Dall’appassionato rapporto con gli scuri paesaggi della giovinezza allo studio sacrale del lavoro della terra scaturiscono figure che agiscono in una severa quotidianità come il seminatore, i raccoglitori di patate, i tessitori, i boscaioli, le donne intente a mansioni domestiche o affaticate a trasportare sacchi di carbone o a scavare il terreno con i loro sguardi cuoi e bassi. Spettacolare l'espressività dei volti in cui la fatica  è intesa come ineluttabile destino. Tutte queste sono espressione della grandezza e dell’intenso rapporto con la verità del mondo di Van Gogh. Particolare enfasi è data al periodo del soggiorno parigino in cui Van Gogh si dedica a un’accurata ricerca del colore sulla scia impressionista e a una nuova libertà nella scelta dei soggetti, con la conquista di un linguaggio più immediato e cromaticamente vibrante. 

Si rafforza anche il suo interesse per la fisionomia umana, determinante anche nella realizzazione di una numerosa serie di autoritratti, volontà di lasciare una traccia di sé e la convinzione di aver acquisito nell’esperienza tecnica una fecondità ben maggiore rispetto al passato. 
È di questo periodo l’Autoritratto a fondo azzurro con tocchi verdi del 1887, presente in mostra, dove l’immagine dell’artista si staglia di tre quarti, lo sguardo penetrante rivolto allo spettatore mostra un’insolita fierezza, non sipre evidente nelle complesse corde dell’arte di Van Gogh.
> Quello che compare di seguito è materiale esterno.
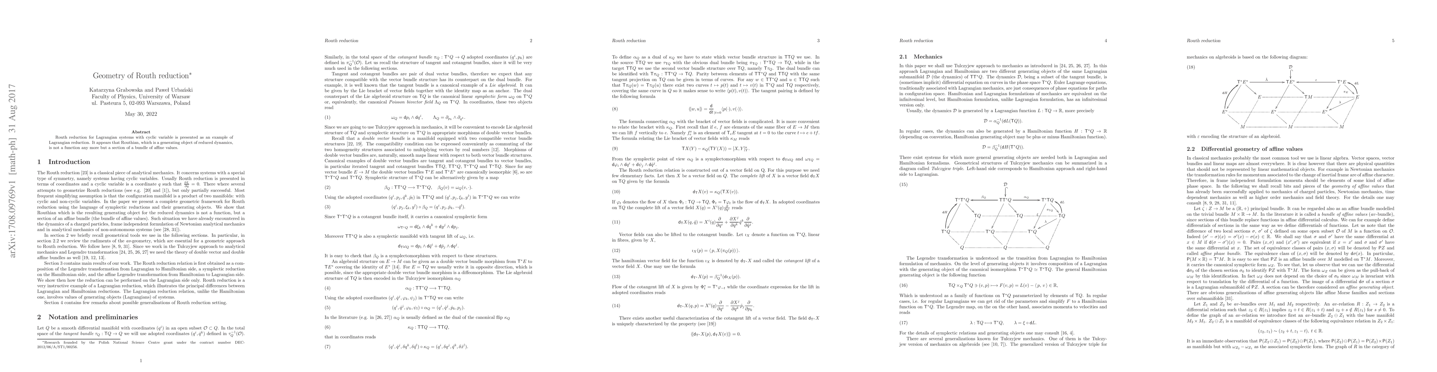 Summary: This paper explores the Routh reduction method for Lagrangian systems with cyclic variables, presenting it as a form of Lagrangian reduction. It reveals that the Routhian, traditionally seen as a generating function, is actually a section of a bundle of affine values in the reduced dynamics.

I rapidi colpi di pennello, i tratti di colore steso l’uno accanto all’altro danno notizia della capacità di penetrare attraverso l’immagine un’idea di sé tumultuosa, di una sgomentante complessità. 
L’immersione nella luce e nel calore del sud, a partire dal 1887, genera aperture ancora maggiori verso eccessi cromatici e il cromatismo e la forza del tratto si riflettono nella resa della natura. Ecco quindi che torna l’immagine de Il Seminatore realizzato ad Arles nel giugno 1888, con la quale Van Gogh avverte che si può giungere a una tale sfera espressiva solo attraverso un uso metafisico del colore. 
E così Il giardino dell’ospedale a Saint-Rémy (1889) assume l’aspetto di un intricato tumulto, mentre lo scoscendimento di un Burrone (1889) sibra inghiottire ogni speranza e la rappresentazione di un Vecchio disperato (1890) diviene immagine di una disperazione fatale. 

Uno splendida opportunità, un appuntamernto da non perdere,  con il patrocinio della Regione Lazio, del Comune di Roma – Assessorato alla Cultura e dell’Ambasciata del Regno dei Paesi Bassi, la mostra è prodotta da Arthemisia, realizzata in collaborazione con il Kröller Müller Museum di Otterlo ed è curata da Maria Teresa Benedetti e Francesca Villanti.